Running for more than four kilometres through Pest, the Nagykörút (‘Grand Boulevard’) is known by all as the körút, the city’s busiest throughfare where trams 4/6 whizz by every two or three minutes. Starting and finishing in Buda, the körút crosses the Danube over Margaret and Petőfi Bridges before cutting through Districts XIII, VI, VII, VIII and IX, delineating the restaurants, bars, hotels, theatres and shops to one side as inside the körút, ie within the city centre, and those beyond as outside. This is the second of three concentric circles radiating out from the city centre, bisected by major arteries that fan out to distant points in Pest. Four of the five main sections of the körút are named after Habsburg royals, who also lend their names to their particular districts: District VI/Teréz körút is Terézváros, and so on.

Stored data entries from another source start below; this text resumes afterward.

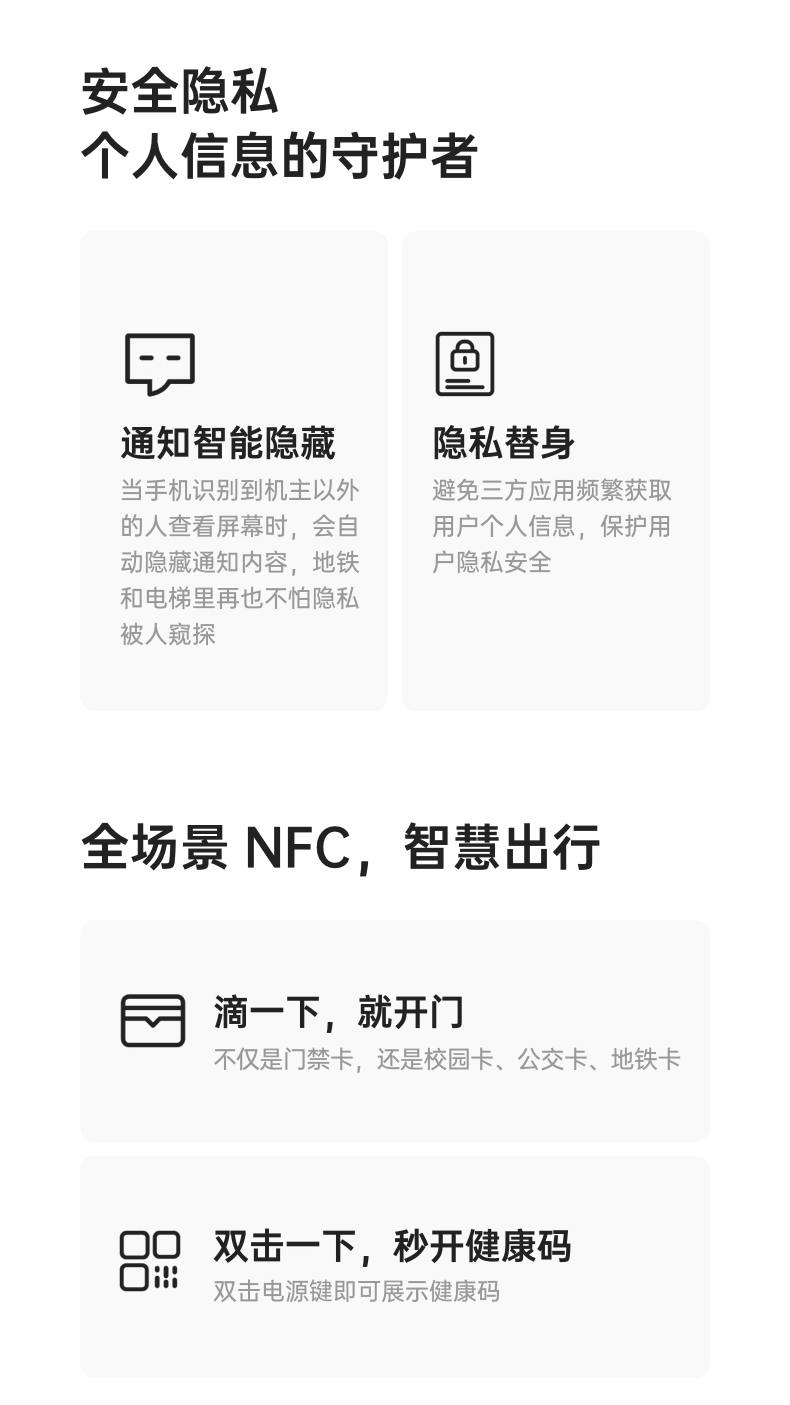 | 产品特点 | 屏幕高刷新率,屏幕指纹,面部识别解锁,支持NFC |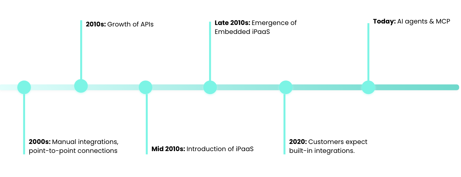 In the early days, that burden fell to the end user – custom code, in-house builds, point-to-point connections. Then came APIs and iPaaS solutions, making building and managing integrations faster and more accessible – until end users didn’t want to manage those integrations at all. They expected the products they bought to handle it. And by the late 2010s, embedded integration was a core product requirement.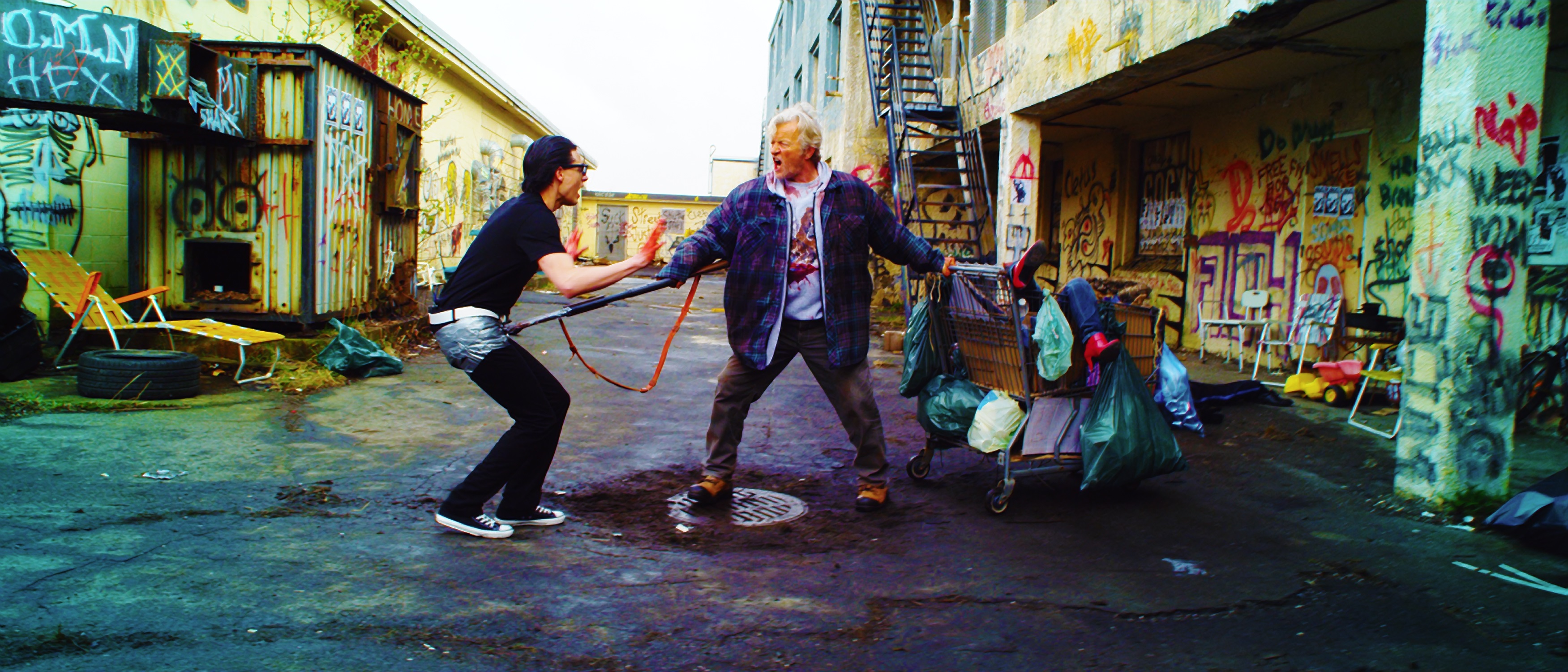 La ley no puede (y en algunos casos no quiere) detener al que pareciera es el dueño de tal lugar, The Drake (Brian Downey), quien gobierna y reparte caos junto a sus dos hijos, Ivan y Slick (este último el más sádico y violento). Claro, todos sabemos que con el transcurso de la historia estos tres personajes se toparán con Hobo y su escopeta.

Starting at Margaret Bridge, a ride on the 4 or 6 tram will take you past the Vígszínház, Nyugati station and the Művész Art Cinema. Afterwards, you go past Oktogon and a string of late-opening bars on either side of the street all the way to Blaha Lujza tér and beyond. More refined venues include the illustrious New York Café. Tucked inside the körút where Districts VIII and IX meet, the Museum of Applied Arts is a masterpiece of Hungarian Art Nouveau. The junction here, Corvin-negyed, is another major crossing point, with landmarks related to the 1956 Uprising, whose most bitter fighting took place around here.